ChatGPT Health performance in a structured test of triage recommendations
4 hours ago
- #AI in healthcare
- #triage systems
- #patient safety
- ChatGPT Health, launched in January 2026, is OpenAI’s consumer health tool with millions of users.
- A structured stress test evaluated triage recommendations using 60 clinician-authored vignettes across 21 clinical domains under 16 factorial conditions (960 total responses).
- Performance showed an inverted U-shaped pattern, with the most dangerous failures at clinical extremes: non-urgent presentations (35%) and emergency conditions (48%).

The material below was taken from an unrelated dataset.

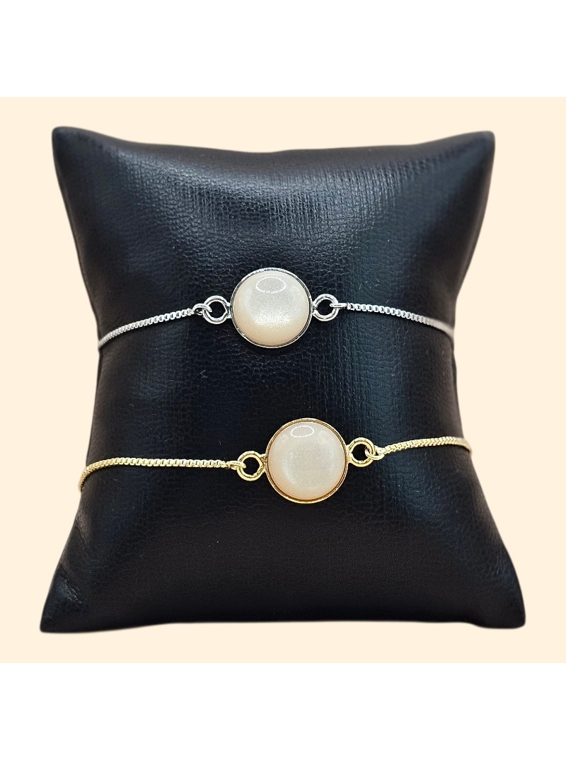 Bracelet acier réglable avec perle de serrage agrémenté d'un cabochon acrylique coloré de 12mm
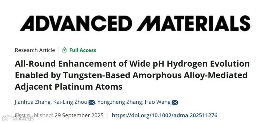 基于此,北京工业大学周开岭、汪浩团队在国际知名期刊《Advanced Materials》上发表题为“All-Round Enhancement of Wide pH Hydrogen Evolution Enabled by Tungsten-Based Amorphous Alloy-Mediated Adjacent Platinum Atoms”的研究论文,团队依托在金属原子结构调控领域的前期研究积累(Adv. Funct. Mater. 2025, 2423476; Appl. Catal. B-Environ., 2024,358:124393; Nat. Commun., 2021, 12:3783),创新性地提出非晶W基合金基底(FeNiWPB)可以为相邻Pt原子的锚定提供丰富的位点(PtASSA@FeNiWPB),通过Pt-载体相互作用在合金表面形成Pt-W/Fe/Ni极化对,诱导电子重新分布使得Pt原子呈富电子态,结合基底对H2O中的H和OH的倾向吸附,加速H2O的解离及H+的还原,并且通过涉及金属-金属协同作用的Tafel步骤促进多个H吸附和转化(Pt1-H+Pt2-H→Pt1-Pt2+H2*)。此外,通过形成稳定的M-W键(M=Pt、Fe、Ni),催化剂的耐腐蚀性显著增强,有效抑制了宽pH范围内的金属浸出,大幅度增强催化剂的稳定性。因此,PtASSA@FeNiWPB在-10 mA cm-2电流密度下表现出超低过电位,酸性介质中为17 mV,碱性介质中为18 mV,其质量活性分别为商业Pt/C的5.8倍(酸性)和63.6倍(碱性)。值得注意的是,该催化剂在酸性和碱性环境中均能保持性能稳定运行600小时,远超无W对照样品(<50小时)及以往报道,使其处于HER性能的前沿。该工作为设计稳定的电催化剂建立了一种普适性策略。博士生张建华为第一作者。这是该团队继2025年9月24日在《Advanced Materials》期刊上发表“Electrochemically Cation-Induced Three-Phase Conversion for Consecutively Tunable Electromagnetic Wave Response”文章之后一周内发表的又一篇工作。

- The system under-triaged 52% of gold-standard emergencies, misdirecting cases like diabetic ketoacidosis and impending respiratory failure to delayed evaluation instead of emergency care.
- Anchoring bias (family/friends minimizing symptoms) significantly shifted triage recommendations in edge cases (OR 11.7), mostly toward less urgent care.
- Crisis intervention for suicidal ideation activated unpredictably—more frequently when no specific method was described.
- Patient demographics (race, gender, barriers to care) showed no significant effects, though confidence intervals didn’t rule out meaningful differences.
- Findings highlight missed high-risk emergencies and inconsistent crisis safeguards, raising safety concerns for AI triage systems at scale.